5.5. Heuristic Algorithms
This paper discusses the application and impact of Particle Swarm Optimization (PSO) and Genetic Algorithms (GA) in asset pricing. PSO, inspired by bird foraging behavior, seeks the optimal solution in the search space through the sharing of information. Its advantages include simple implementation and rapid convergence, and it can be combined with deep learning techniques to enhance data processing capabilities. Research by Thakkar and Chaudhari shows that PSO exhibits exceptional global optimization capability and adaptability in optimizing stock portfolios and predicting price trends [28]. On the other hand, GA is based on biological evolution theory, optimizing the solution set through selection, crossover, and mutation, making it suitable for capturing nonlinear features of the market. Rather et al. [29] constructed a hybrid forecasting model combining ARIMA, ESM, and RNN, using GA to optimize the weights, making significant progress in handling volatility and nonlinear characteristics of financial data, highlighting the potential of multi-model integration in asset pricing.
The combination of PSO and GA demonstrates an enhanced effect in the analysis of complex financial data. PSO’s rapid convergence and GA’s strong global search capability complement each other, improving the model’s robustness and adaptability to dynamic markets, providing smarter and more accurate analytical tools for asset pricing. This integrated approach not only optimizes model parameters but also significantly improves the flexibility and accuracy of investment decisions.
6. End-to-End Deep Learning Methods
End-to-end methods demonstrate significant advantages in data processing by automatically extracting features from raw data without requiring deep prior knowledge. By decomposing complex deep features into simple hierarchical feature representations, they achieve effective matrix representations of multiple data sources.
The merging of feature vectors into a unified input enriches the data sources and enhances model adaptability. Deep learning is renowned for its ability to extract complex features and perform nonlinear fitting, and through end-to-end models, the design is simplified, making it especially advantageous in financial big data and high-frequency data analysis.
In the face of the ever-expanding scale of financial data, end-to-end methods support automatic learning and optimization of the CNN decision-making process. Next, we will explore several typical end-to-end machine learning methods, including CNN, LSTM, reinforcement learning.

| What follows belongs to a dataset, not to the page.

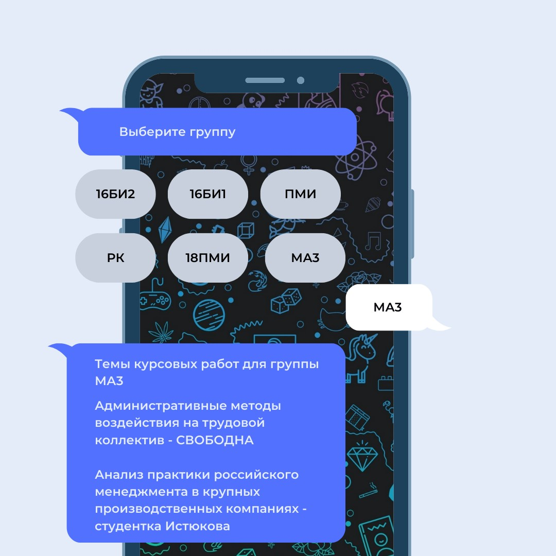 Пример, если в запросе пользователя есть слово «Поступление», бот будет присылать ему правила приёма в вуз или ссылку на сайт для абитуриентов.
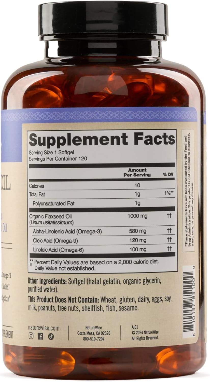 HIGH-POTENCY ALA OMEGA-3: NatureWise Organic Flaxseed Oil delivers 580mg of high-potency ALA Omega-3 essential fatty acids, as well as 100mg of linoleic acid for omega-6 and 120mg of oleic acid for omega-9.

6.1. Convolutional Neural Networks (CNN)
Convolutional Neural Networks (CNN), as a powerful structured feedforward neural network, extract features and capture complex nonlinear relationships through convolutional layers. They are widely applied in the financial field for asset pricing. For example, Gudelek et al. [30] used CNN to predict the price volatility of Exchange-Traded Funds (ETFs). By generating image snapshots of market activities and inputting them into the CNN, they automatically learned the complex price patterns in the market. This approach integrated trend, momentum, and fundamental analysis indicators, creating a diversified dataset that significantly improved the model’s generalization ability, demonstrating CNN’s potential in financial time series forecasting. On the other hand, the CNN framework designed by Hoseinzadeh and Haratizadeh employed three-dimensional tensor analysis to examine the correlations between different financial markets [31]. This method revealed latent inter-market relationships, enabling the consideration of information from other markets when predicting one, thus improving prediction accuracy and reliability. The framework provides effective tools to help investors make more informed decisions in complex market environments. Additionally, the LSTM-CNN feature fusion model proposed by Kim et al. [32] combined the strengths of LSTM and CNN, enhancing the accuracy of stock price prediction. The model leveraged LSTM’s ability to process time series data and CNN’s advantages in extracting image features to analyze complex patterns in stock charts. Through feature fusion, it significantly reduced prediction errors, demonstrating the potential of ensemble learning in asset pricing. Overall, these studies indicate that CNN holds significant advantages in capturing complex financial patterns and optimizing asset pricing, playing a key role in advancing financial market forecasting.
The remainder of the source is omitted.